To prevent a cascading disaster, the General Staff accelerated National Army deployments to western and northern Guangdong, plugging defensive gaps while dispatching Xu Ke to lead reconnaissance teams throughout the affected regions. Simultaneously, staff officers plunged into the archives, poring over historical records and documentary evidence.
The intelligence Xu Ke gathered proved less dire than anticipated. After Luoding's establishment as a directly-administered prefecture in 1577, Yao strength had diminished considerably. Though the Eight Row Yao had successfully stirred many villages to rebellion, these communities possessed limited military capacity. Most practiced marginal slash-and-burn agriculture with negligible surplus, dependent on traders for iron tools and salt. They lacked proper weapons and siege capability. While surprise attacks occasionally yielded captured cities, their overall ability to conduct siege warfare remained weak. Even the Hakka villages on the Yao frontier—long locked in conflict with their mountain neighbors—had rarely seen their stockades breached. Xu Ke's comprehensive assessment concluded that the uprising's scale, while troubling, posed manageable threat levels.

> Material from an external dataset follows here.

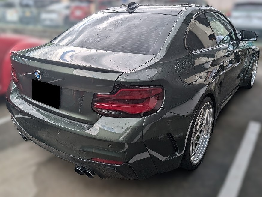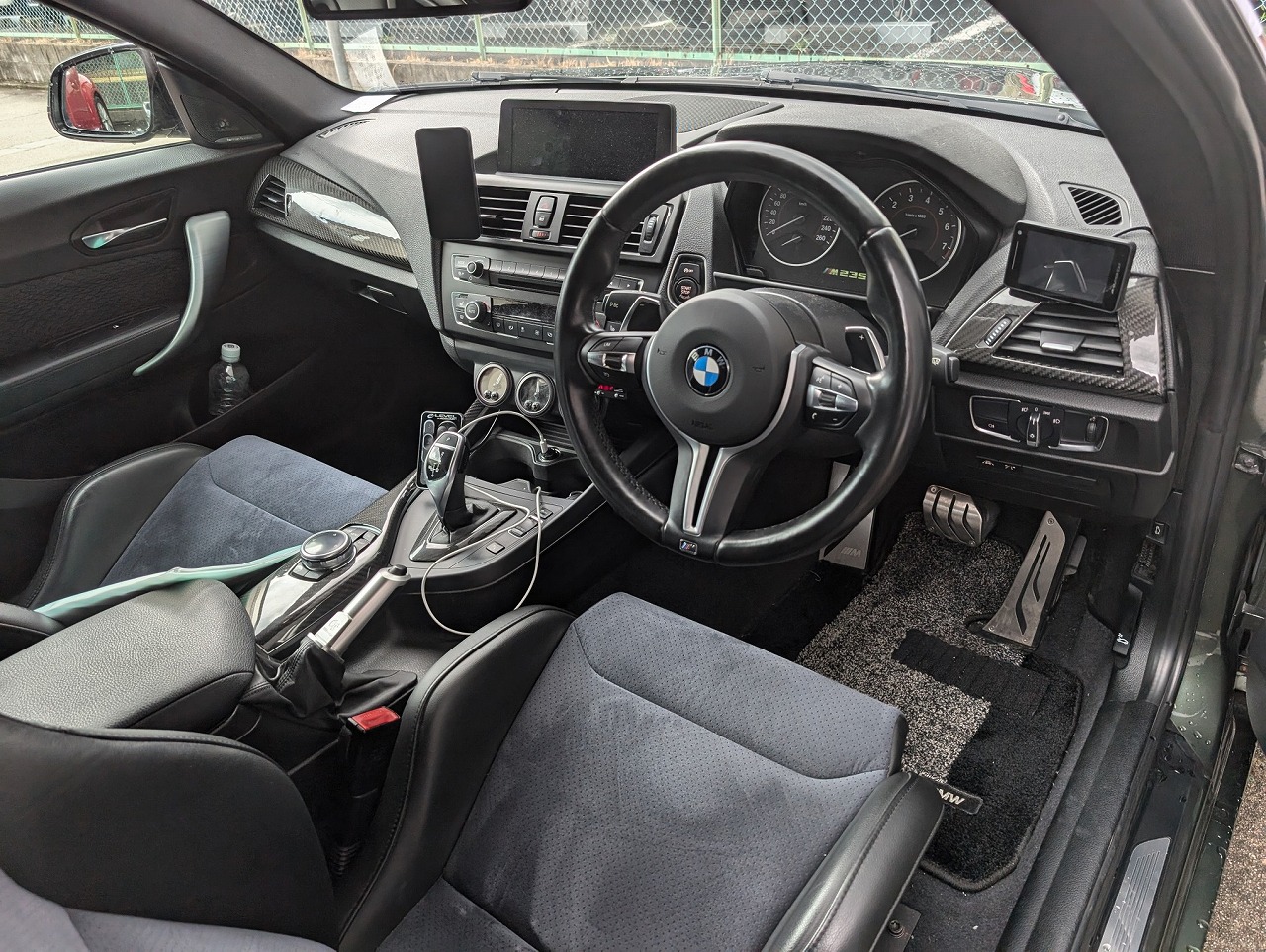 H26年式 BMWM235i(1J30) クーペ オートマ 走行7.4万㎞H26年式、BMWM235i(1J30)のカスタムカーになります。外装はグリーンにオールペンし、MANHARのワイドボディキットのほか3Dデザインのディフューザー、後期テールランプ、1221のホイールなどを組んであります。ほかにもアキュエアのエアサスやブレンボのキャリパーなども組んであり、内装はレカロのセミバケ、STACKの追加メーターなど装着されていて、スカッフプレートやステアリングはMスポーツ用に交換してあります。派手なスタイルに仕上げてあるBMWM235iは中古市場にあまり出回らないですが、カスタムした価値をプラス査定し買取しました。

"Isn't that conclusion somewhat... optimistic?" Zhu Mingxia asked during Xu Ke's briefing, his frown deepening.
"We need to view this from multiple angles," Xu Ke replied. "True, disturbances have erupted throughout the West River region. However, our field reports indicate Yao militia activity concentrates almost entirely on the north bank—they haven't penetrated south bank territories. Analysis of historical records reveals their fundamental operational doctrine: raiding, not conquest. They prize loot and captives over territorial control."
The Yao lived primarily by mountain agriculture, scattered across small, highly mobile settlements. Cultural isolation and grinding poverty drove them to desperate measures—periodic descents from their highlands to raid the lowlands. Though Yao militias had seized Ming prefecture and county seats on multiple occasions, invariably they plundered and withdrew. Never once had they chosen to defend captured cities.
"There's a Yao proverb," Xu Ke continued, warming to his subject. "'Officials have ten thousand soldiers, we have ten thousand mountains. When soldiers come, we go; when soldiers go, we come.' That's their entire strategic doctrine distilled—use the mountains for protection, exhaust the enemy, force government troops to withdraw. The Eight Row Yao uprising in the original timeline persisted until the Ming's collapse precisely through this strategy, only succumbing to suppression during the Shunzhi era." He leaned forward. "Their uprisings follow a predictable pattern: descend, raid, retreat to the mountains, wait for the next opportunity. I've studied the Ming army's counter-tactics extensively. They emphasized 'containment'—deploying military force to control land and water routes from the mountain strongholds. This effectively constrained Yao militia operations. I believe we should adopt similar methods."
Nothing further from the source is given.